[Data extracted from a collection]
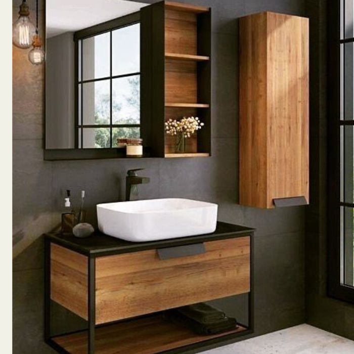 Transform your bathroom with the Industrial Style Single Sink Vanity with Mirror Cabinet, a perfect fusion of rugged charm and modern functionality. This vanity features a robust black metal frame paired with a warm, natural wood finish, creating a striking industrial aesthetic. The spacious white ceramic sink sits atop a sleek countertop, complemented by a soft-close drawer for organized storage. Above, a matching mirror cabinet with open shelves offers additional space for toiletries and decorative items, enhanced by a minimalist design and soft lighting from pendant lamps. The tall wooden side cabinet provides extra vertical storage, ideal for towels and essentials. This unit combines durability, style, and practicality, making it a standout addition to any contemporary bathroom.
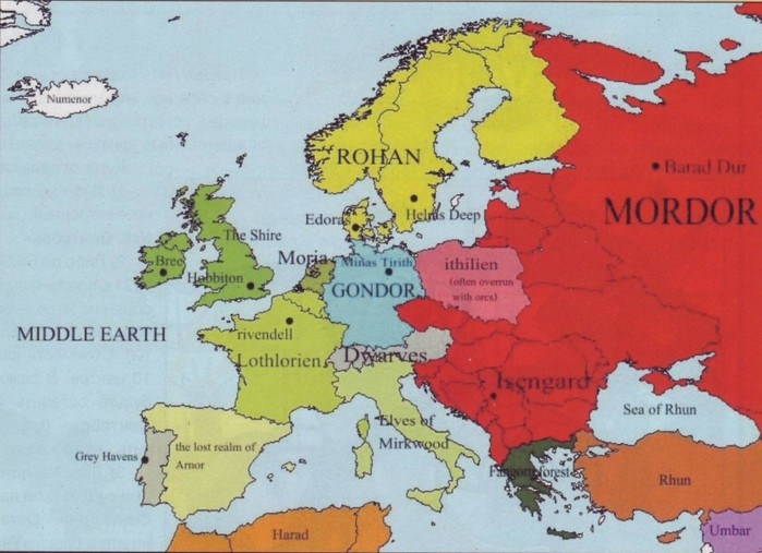 Мордор же отгороженный горами с запада, севера и юга это как аналогия железного занавеса СССР.
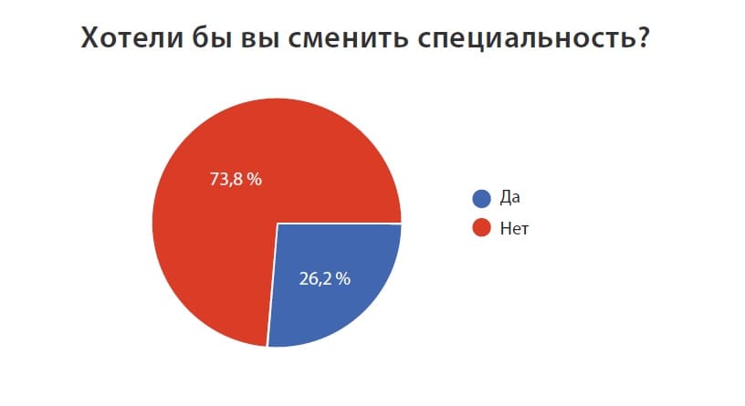 Результаты опроса показали, что значительная часть людей меняет профиль деятельности после окончания вуза. По специальности сейчас работают 64,5% респондентов, при этом 26,2% из них признались, что хотели бы поменять профессию.
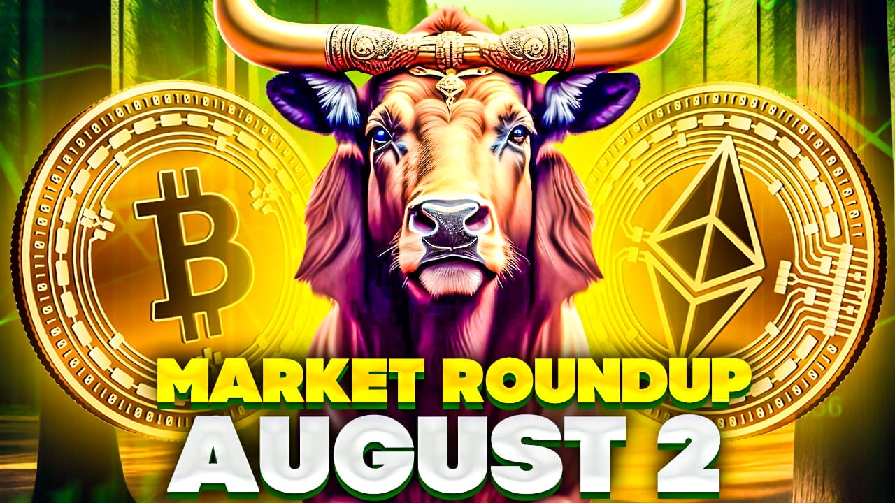 رأس ثور يتوسط شعاري بيتكوين وإيثيريوم وفي الأسفل عبارة تحديث السوق بتاريخ 2 آب/أغسطس
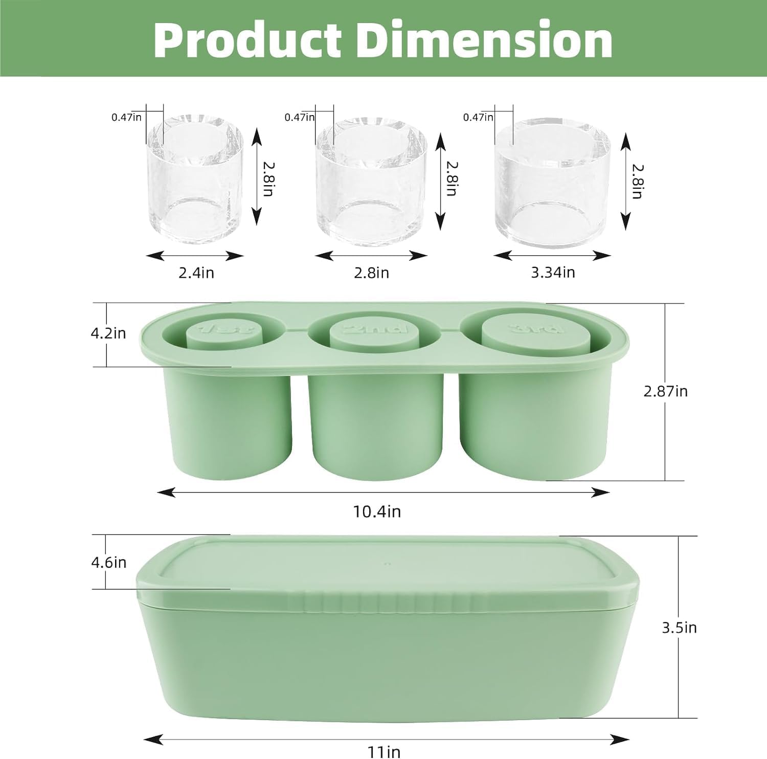 Tcamp Ice Mold for Stanley Cup 30-40 oz Tumbler Cup Ice Mold, Silicone Ice Cube Tray With Lid and Bin for Chilling Cocktails, Whiskey, Drinks, Coffee, Easy Fill and Release Ice Maker (Green)
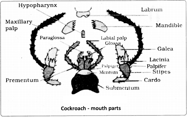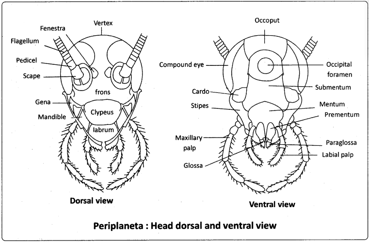 It is bordered by a sclerite called occiput. The occipital foramen forms a passage for the oesophagus, aorta; nerve cord and tracheae. At the base of each antenna, a small whitish speck called fenestra or ‘ocellar spot’ or ‘simple eye’ is present. Appendages are absent in the first and third segments of the head. The second segment bears a pair of long, slenife^ and segmented antennae, one on each side of the head. The antennae are tactile and olfactory in function. The fourth segment bears a pair of mandibles. The fifth segment has a pair of ‘first maxillae’. The sixth segment bears a pair of ‘second maxillae’, which fuse to form the labium (also called ‘lower lip’)
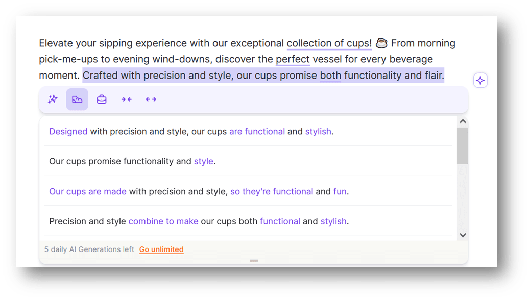 - Provides multiple variations of the copywriting.
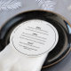 Menu mariage arrondi en blanc avec polices noires modernes et tendance, et vos noms et date mariage dans un texte incurvé le long du menu mariage ronde.
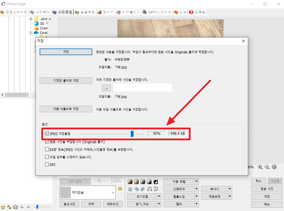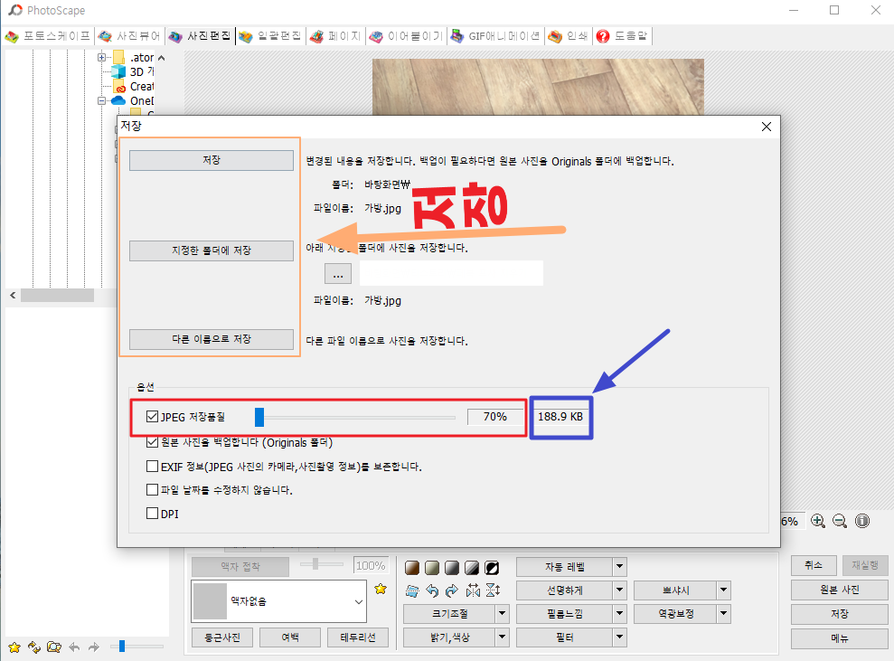 5) 포토스케이프는 저장 옵션에서 저장 품질을 줄일 수 있습니다. 저장 품질을 줄이면 용량이 작아집니다. ▼

- _WHAT YOU WILL DO_
Once you find the line with "- Provides multiple", restate it and every later line of the data word for word, excluding the pictures.

- _ANSWER BOX_
 - Provides multiple variations of the copywriting.
 Menu mariage arrondi en blanc avec polices noires modernes et tendance, et vos noms et date mariage dans un texte incurvé le long du menu mariage ronde.
 5) 포토스케이프는 저장 옵션에서 저장 품질을 줄일 수 있습니다. 저장 품질을 줄이면 용량이 작아집니다. ▼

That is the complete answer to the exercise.